Rachel Herzing and Justin Piché present "How to Abolish Prisons: Lessons from the Movement against Imprisonment" in conversation w/Bilphena Yahwon

Rachel Herzing and Justin Piché present "How to Abolish Prisons: Lessons from the Movement against Imprisonment" in conversation w/Bilphena Yahwon

Saturday, June 1st 2024
7:00 pm
Red Emma's
An incisive guide to abolitionist strategy, and a love letter to the movement that made this moment possible.

Critics of abolition sometimes castigate the movement for its utopianism, but in How to Abolish Prisons, long-time organizers Rachel Herzing and Justin Piché reveal a movement that has made the struggle for abolition as real as the institutions they are fighting against.

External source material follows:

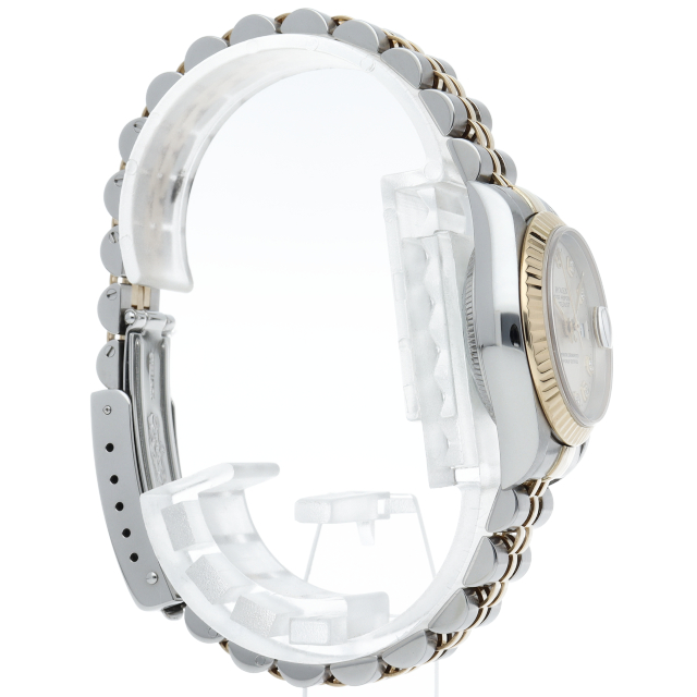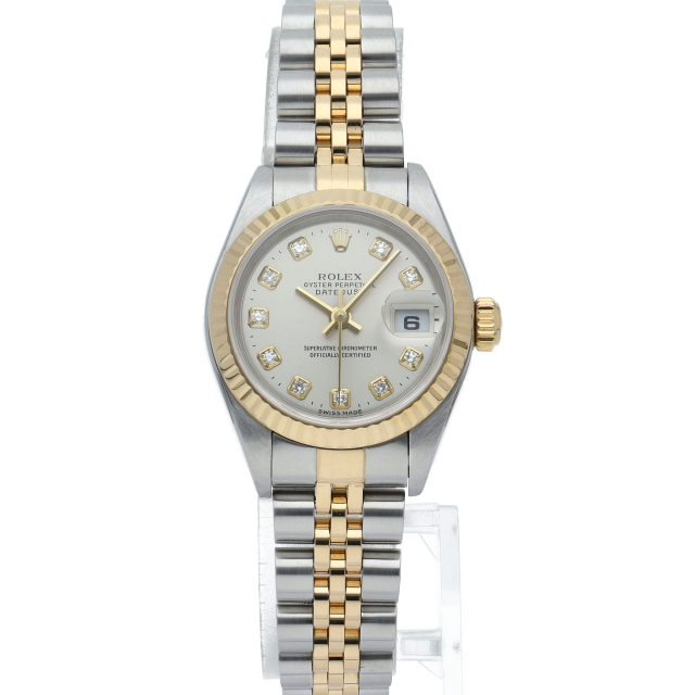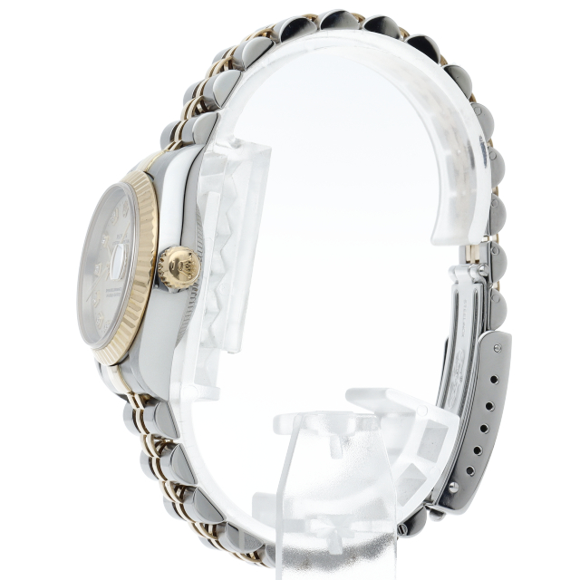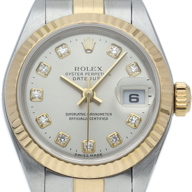 ロレックスのドレスウォッチで幅広い年齢層に愛されている「デイトジャスト」。イエローゴールドとステンレスのコンビ仕様に10Pダイヤが施され豪華です。

Drawing on extensive interviews with abolitionist crews all over North America, Herzing and Piché provide a collective reconstruction of what the grassroots movement to abolish prisons actually is, what initiatives it has launched, how it organizes itself, and how its protagonists build the day-to-day practice of politics. Readers sit in on the Winnipeg rideshares of Bar None and the meetings of the Chicago Community Bail Fund as they assess the utility of politicized mutual aid. They follow the campaigns and coalitions of Critical Resistance in Oakland and San Francisco and Survived and Punished in New York City, and learn about the prisoner correspondence projects that keep activists behind bars and outside them in constant coordination.

Abolitionist campaigns are constructing on-the-ground initiatives across North America to deconstruct carceral society and build resistant communities.Through the words, deeds, and personalities of this beautifully peopled movement, _How to Abolish Prisons _emerges as a stunning snapshot of a movement’s thinking in motion.

“At their most effective, movements for radical change help to produce new ways of understanding the world, new epistemologies. Rachel Herzing and Justin Piché have provided an invaluable service by illuminating the part played by prison abolition activists in generating theories and practices that have the power to change our present-day realities and the potential to create lasting, radical transformations for the future.” —Angela Y. Davis

How to Abolish Prisons _is hope in action. It is right on time.” —Mariame Kaba, author of _We Do This ‘Til We Free Us

Rachel Herzing is an organizer, activist, and advocate fighting the violence of surveillance, policing and imprisonment. Herzing was executive director of Center for Political Education, a resource for political organizations on the left and progressive social movements; codirector of Critical Resistance, a national organization dedicated to abolishing the prison industrial complex; and director of research and training at Creative Interventions a community resource that developed interventions to interpersonal harm that do not rely on policing, imprisonment, or traditional social services. She lives in New York City.

Justin Piché is associate professor in the department of criminology, director of the Carceral Studies Research Collective at the University of Ottawa, and coeditor of the Journal of Prisoners on Prisons. He is also a founding member of the Criminalization and Punishment Education Project, the Abolition Coalition, and the Carceral Cultures Research Initiative. He lives in Ottawa, which is located on unceded and unsurrendered Algonquin Anishinaabe Territory.

Bilphena Decontee Yahwon is an interdisciplinary artist, archivist, and restorative justice practitioner based in Baltimore. Born in Suakoko, Bong County, Liberia her work focuses on individual and collective memory: how we inherit it, how we preserve it, and how we pass it down. Yahwon is the steward of The Womanist Reader, a free online library, a collective member of the interdisciplinary publishing initiative Press Press, and a founding member of New Generation Scholars Intergenerational Institute. She served as the Washington Project for the Arts Summer Artist-Organizer-in-Residence in 2021 and as a Transforming Communities Peer2Peer Fellow in 2018. Currently, Yahwon is a Processing Fellow at Afro Charities, where she assists in preparing the AFRO-American Newspaper’s archival collection for public access. She also serves as a 2024 Community Fellow for the Diaspora Solidarities Lab (DSL), curating The Archive Liberia Anthology, a compilation of various mediums, including short films, poetry, recipes, essays, digital mixed media art, and photography exploring Liberia and its diaspora.  Yahwon launched Archive Liberia in 2020 as an invitation and site for recovering, holding and organizing the collective memory of Liberia.